According to the reporter's statistics, there are currently 59 individual stocks in the top 100 Hong Kong stocks by total market capitalization, accounting for 59%, and 17 with dividend rates above 8%. Most of the high-yield stocks are concentrated in finance, energy, real estate, and utilities.

List of the top 100 individual stocks with a dividend rate of 3% or more in total market capitalization

Southbound capital gradually replaced foreign investors to obtain pricing rights for high-interest shares in Hong Kong stocks

In recent years, allocation-type Chinese investors have faced an “asset shortage” to a certain extent. In particular, mainland public fund companies' fixed income departments, insurance, bank financial management and other institutions have strong demand for allocating high-quality and effective assets, and high-quality Hong Kong stocks with high dividends are attractive for long-term allocation.

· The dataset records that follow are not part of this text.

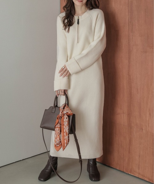 大人カジュアルなニットワンピースふんわり柔らかなリブニットで体のラインを拾わず、
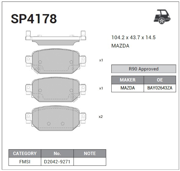 | Наименование | Колодки задние MAZDA 3 (BM) 2013- SP4178 |
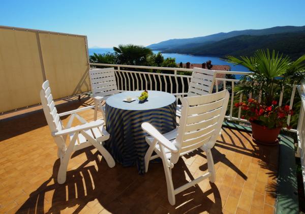 apartamente moderne, într-o zonă liniștită din Rabac complet echipate și. Obiectul senalazi 500m de centru. Terasa oferă o vedere minunată la mare, insule și golful Rabac. Prosoape și lenjerie de pat sunt incluse și se găsesc în apartament. Parcarea este disponibil și gratuit.

In 2023, Southbound Capital's net purchase of Hong Kong stocks was approximately RMB 289.5 billion. Among the top ten net inflows of southbound capital according to the previous top ten active individual stocks, low-wave dividend assets occupied 4 seats, namely China Mobile, CNOOC, China Telecom, and China Shenhua. Southbound Capital gradually obtained pricing rights for low-wave dividends in Hong Kong stocks. Compared to the beginning of 2023, Hong Kong Stock Connect's shareholding ratio of Hong Kong stock low-wave dividend assets represented by telecom operators, banks, and energy increased in early 2024.

Taking central state-owned enterprise stocks as an example among high-yield stocks, Wind data shows that in recent years, its share of Hong Kong Stock Connect shares has been rising year by year, from 5.3% at the end of 2018 to 13.5% on February 21, 2024, while the share of international intermediary holdings measured foreign holdings has declined markedly, from 26% at the end of 2018 to 16.6%.

If the scope is extended to the entire Hong Kong Stock Exchange, it can also be seen that the Hong Kong Stock Connect shareholding ratio continues to rise, from 8.8% in 2020 to 14.8% at the end of February 2024, while the foreign shareholding ratio continues to decline, falling from 43.4% in 2020 to 36.7% at the end of February this year.

Zhang Yidong said that in the medium to long term, assets that can provide stable high dividends are invaluable in a relatively complex domestic and foreign environment. High-yield assets are one of the important investment strategies for allocating China's equity assets in the future. Investors are advised to allocate leading central state-owned enterprises in the fields of energy (oil, coal), telecom operators, utilities, finance, highways, etc. based on a long-term, strict “low-wave dividend, convertible bond-like” strategy, as well as high-quality high-yield stock companies in Hong Kong's local utilities, finance, real estate, and integrated industries.

The translation is provided by third-party software.